Saved data entries:
--------

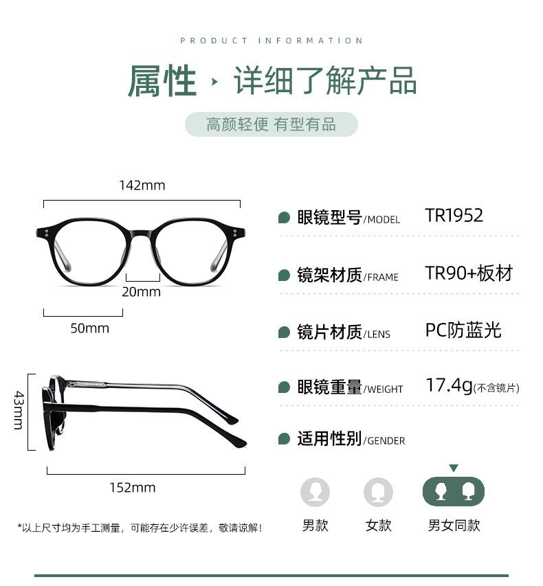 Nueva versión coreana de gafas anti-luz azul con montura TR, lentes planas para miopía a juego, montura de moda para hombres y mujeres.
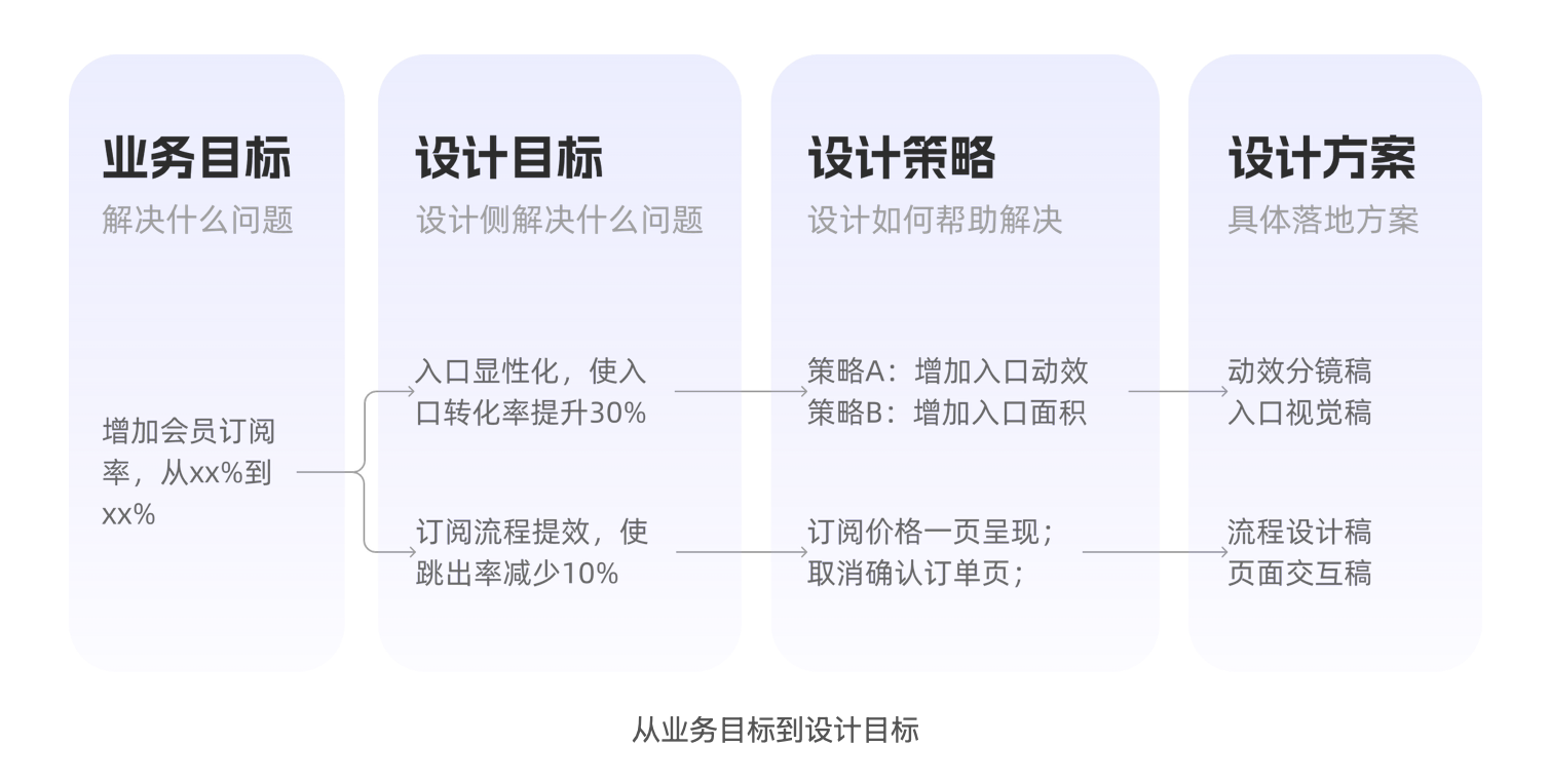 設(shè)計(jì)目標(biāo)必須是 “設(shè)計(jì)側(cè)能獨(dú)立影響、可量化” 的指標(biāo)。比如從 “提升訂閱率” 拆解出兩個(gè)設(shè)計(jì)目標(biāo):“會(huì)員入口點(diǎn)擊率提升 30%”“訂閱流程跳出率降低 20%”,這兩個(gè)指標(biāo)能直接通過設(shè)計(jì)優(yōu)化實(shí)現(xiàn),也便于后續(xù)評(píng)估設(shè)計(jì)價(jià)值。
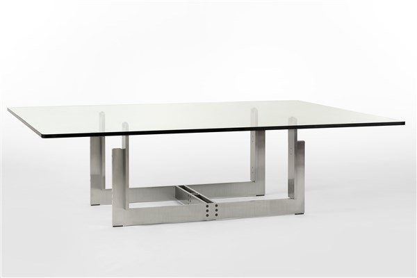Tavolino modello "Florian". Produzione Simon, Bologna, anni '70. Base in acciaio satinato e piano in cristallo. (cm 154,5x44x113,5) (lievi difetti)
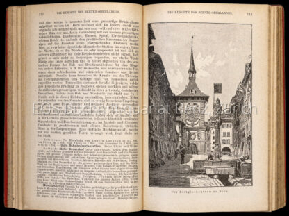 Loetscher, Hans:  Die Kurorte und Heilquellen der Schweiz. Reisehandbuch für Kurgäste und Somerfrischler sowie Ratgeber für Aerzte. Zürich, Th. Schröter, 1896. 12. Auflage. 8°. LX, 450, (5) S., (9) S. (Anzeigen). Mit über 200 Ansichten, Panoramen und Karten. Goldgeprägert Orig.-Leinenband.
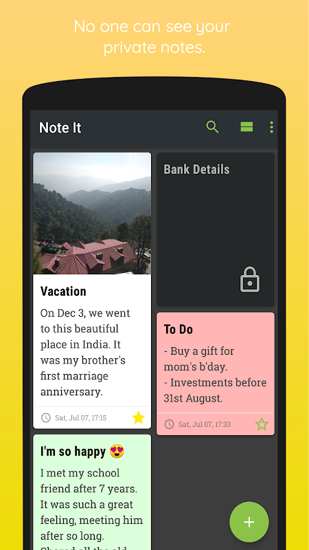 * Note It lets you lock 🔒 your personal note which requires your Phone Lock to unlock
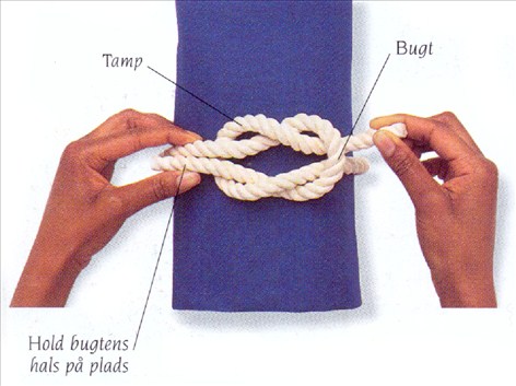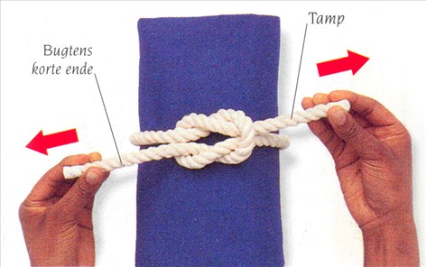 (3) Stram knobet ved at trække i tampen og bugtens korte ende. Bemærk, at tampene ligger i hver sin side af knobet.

--------

■ **Assignment**: When the line containing "Lock to unlock" has been located, retype it and each line after it through the end of the records, excluding the pictures and adding nothing else.

■ **Written solution**:
 * Note It lets you lock 🔒 your personal note which requires your Phone Lock to unlock
 (3) Stram knobet ved at trække i tampen og bugtens korte ende. Bemærk, at tampene ligger i hver sin side af knobet.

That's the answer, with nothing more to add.